Industry observers see the same themes playing out at larger scale. A New Stack article makes the case that agents and skills must work together. Agents orchestrate workflows, maintain state and enforce boundaries. Skills package reusable expertise from domain specialists who may not write agent logic. Pete Hampton, principal software engineer at ClickHouse, put it plainly. “The future of agentic AI isn’t choosing between agents and skills. It’s agents equipped with the right skills at the right time.” (The New Stack)
ClickHouse built a CLI tool with specialized agents for scanning, migrating and quality assurance on Postgres and TypeScript. When they expanded to MySQL, MongoDB and additional languages such as Go, Java and Python, they added skills rather than rewrite core agent logic. Domain experts contribute modular knowledge. Evaluations stay intact. Context windows stay manageable through progressive loading. Metadata decides relevance first. Full content loads only when needed.
This modular thinking addresses a core limitation. Pure prompt engineering leads to bloated system prompts, unexpected regressions and brittle specialization. Skills allow iterative updates, versioning and isolated testing. The separation of concerns, orchestration in agents and knowledge in skills, creates systems that actually ship to production.
Recent data backs the momentum. A Firecrawl analysis of 2026 trends highlights CLI agents gaining ground in development. Engineers ship code 30% faster and have saved roughly 500,000 hours according to cited reports. Anthropic’s own 2026 Agentic Coding Trends Report notes engineers produce more output per interaction and save about 40 minutes each. One Claude Code example completed a seven-hour job on a 12.5 million line codebase with 99.9% accuracy. (Firecrawl blog)
Multi-agent teams show 50% faster candidate screening in some deployments. Vertical agents deliver 40% gains in narrow domains. Browser-based agents grew 45% year over year. Live web data cuts hallucinations by 35%. Yet governance questions mount. Surveys show nearly every organization has agentic AI on its 2026 roadmap, but only a small fraction deploy multiple solutions in production. Trust, auditability and outcome focus remain hurdles. (CIO.com)
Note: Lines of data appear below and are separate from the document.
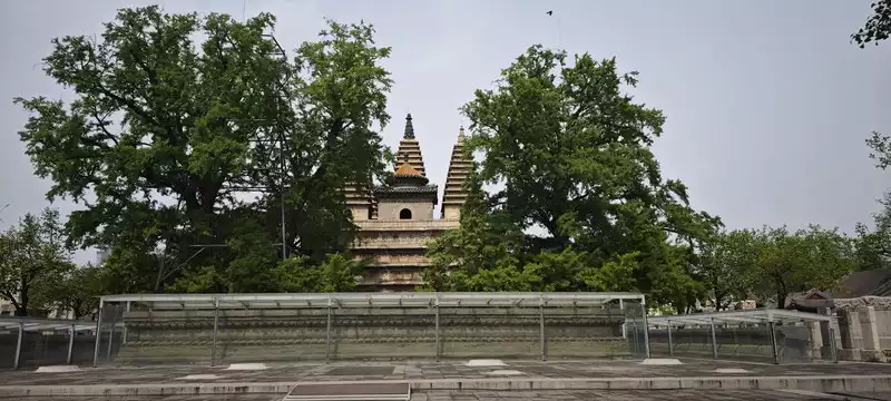 After passing through security and entering the museum, you'll see the Vajra Pagoda nestled on the central axis of the courtyard. Two century-old apricot trees stand to the left and right of the pagoda, their dense branches and foliage obscuring the pagoda's entirety. This partially obscured presence adds to the enjoyment of viewing the pagoda. It's spring now, and the apricot leaves are vibrant green. Strings of tiny green fans hang upside down from the branches, filling the two apricot trees on either side. The wind rustles these little fans, swaying the branches and leaves with a gentle rustling sound like the waves, swaying with the sound of spring. For centuries, spring has passed through the pagoda like this, touching every brick and stone. Believers walk clockwise around the pagoda, silently reciting Buddhist scriptures. Whether with a wish or without, they clasp their hands together and circumambulate alone. Whether with a mind or without, they silently recite a thousand words to accumulate merit.
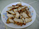 材料:豬頸肉半磅,蒜頭一只拍碎,,生抽,酒各一茶匙,老抽,鹽各半茶匙
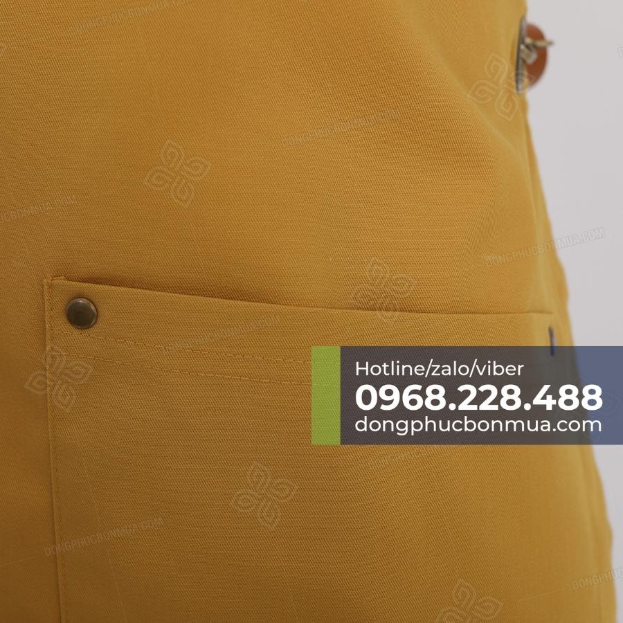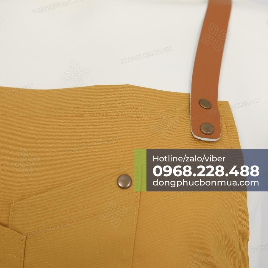 Tạp dề đồng phục chất liệu vải kaki phối dây da đẹp - Thiết kế túi độc đáo, kiểu dáng mới lạ - Đính khuy đồng nổi bật
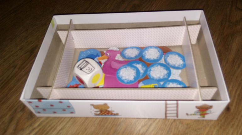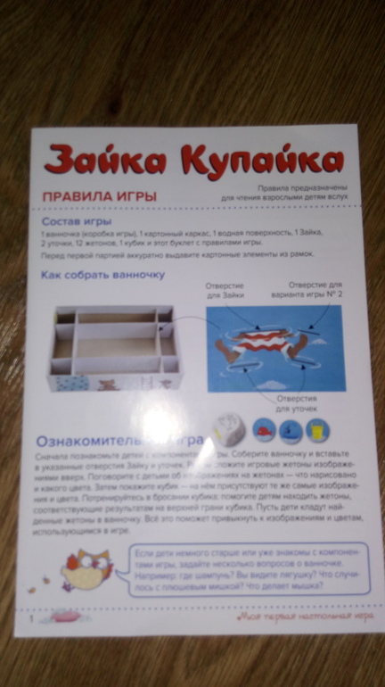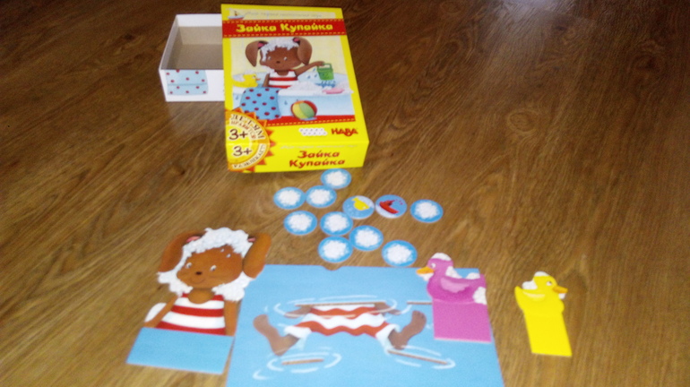 Ванночка( сама коробка), здоровенный кубик, картонный каркас, вода( картон)), зайка, 2 утки, 12 жетонов
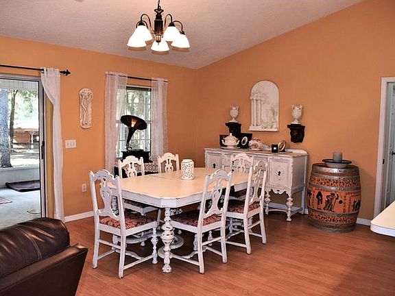 10 ACRE gated ranch bordering the Ocala National Forest and trails! Lovely 4 bedroom 2 bath, 2100+ square foot home boasts a 3-way split plan, wood laminate flooring throughout (no carpet in the home) volume ceilings, and open plan. The family room is flanked by a beautiful, wood burning fireplace where the main living areas/kitchen is the "heart of the home". The spacious master suite is on the opposite side of the home from the other three bedrooms, and features and en-suite bathroom with dual sinks and spacious walk-in shower. There is a nice-sized bonus room/flex space with many use-possibilities and two additional bedrooms and bathroom. Take in the scenic views from the over-sized back porch and fully fenced yard area. There is a 4-stall barn with tack and feed room, a carport which will accommodate multiple vehicles, and an additional store-room building with an array of possibilities. Bring the horses and other animals as the property is completely fenced and cross-fenced. This lovely wooded property offers nature's canopy of beautiful oaks and natural Florida vegetation. Great, move-in condition and well maintained, the home has just been re-roofed (August, 2017!) An exceptional 10-acre estate at an exceptional value in this secluded yet convenient Lake County location!
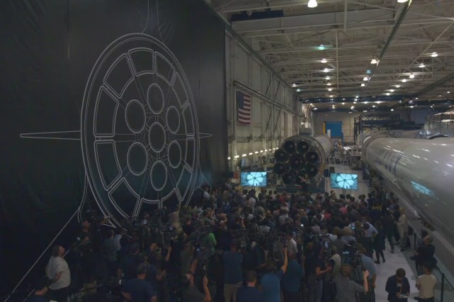 马斯克补充说:“我的意思是,这是个大得离谱的火箭。”他指出,墙上的插图与航天器实体大小相同,正如你所看到的,观众和其他火箭在它面前显得微不足道。至于里面装了什么,这取决于任务。
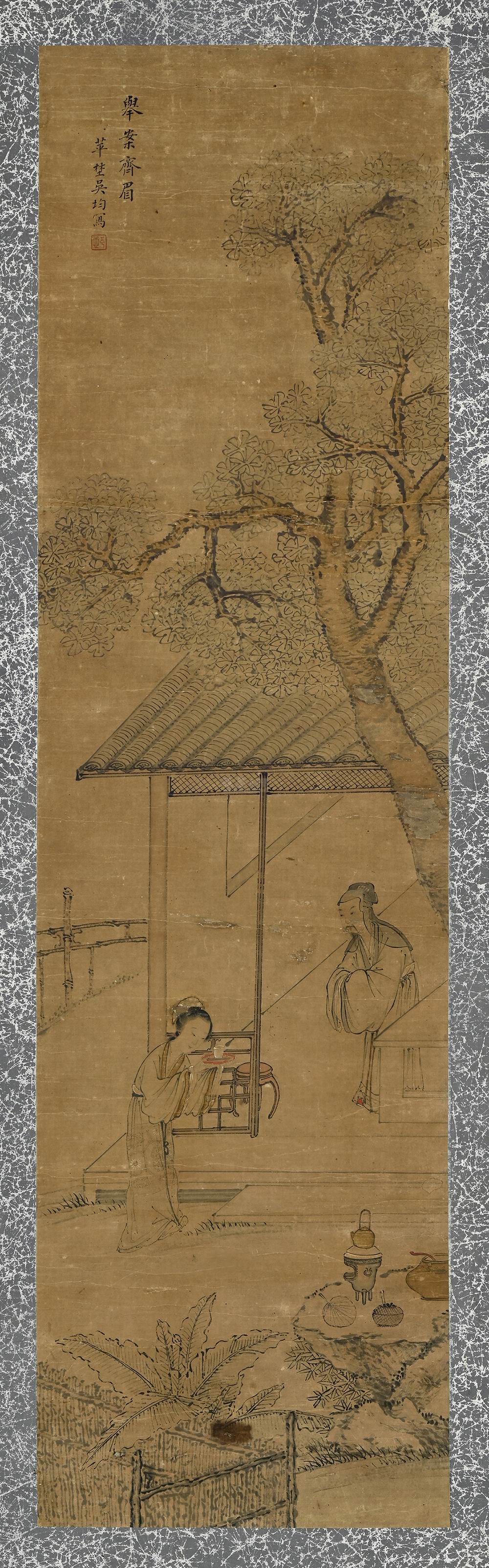 备注:款識:舉案齊眉。蘋埜吳均寫。 鈐印:「平心」。备注:2306rb-jj得自海外。
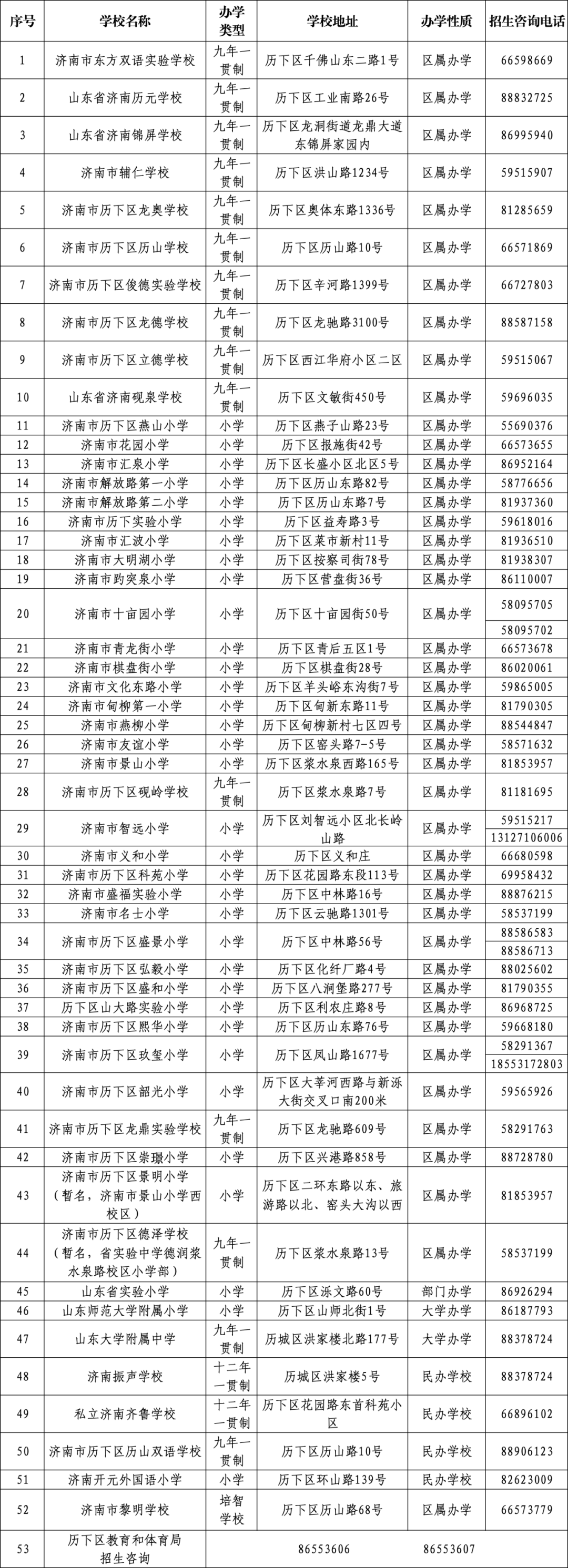 7.历下区教体局咨询电话:0531—86553606 86553607,咨询时间:工作日8:30-11:30,13:30-17:00

So the pattern holds. Teams that treat skills as afterthoughts or one-shot generations see modest or negative returns. Those who treat them as living artifacts, refined after real friction, compound their agents’ effectiveness. They capture novel solutions from hard problems. They eliminate repetition on routine patterns. They document gaps the fresh model could never guess.
Apple’s WWDC 2026 moves and Microsoft’s MAI models signal the shift continues. Xcode gains deeper agent integration. Coding models reach more users. The question is no longer whether agents will handle more work. It is whether teams will give them the precise, battle-tested knowledge they need to succeed. A few already do. The rest keep pasting fresh generations into markdown files and wondering why nothing improves.
Skills done right don’t replace engineering judgment. They amplify it. They turn one-off insights into repeatable advantage. And in a year when every roadmap lists agentic AI, that distinction may separate the leaders from the experimenters.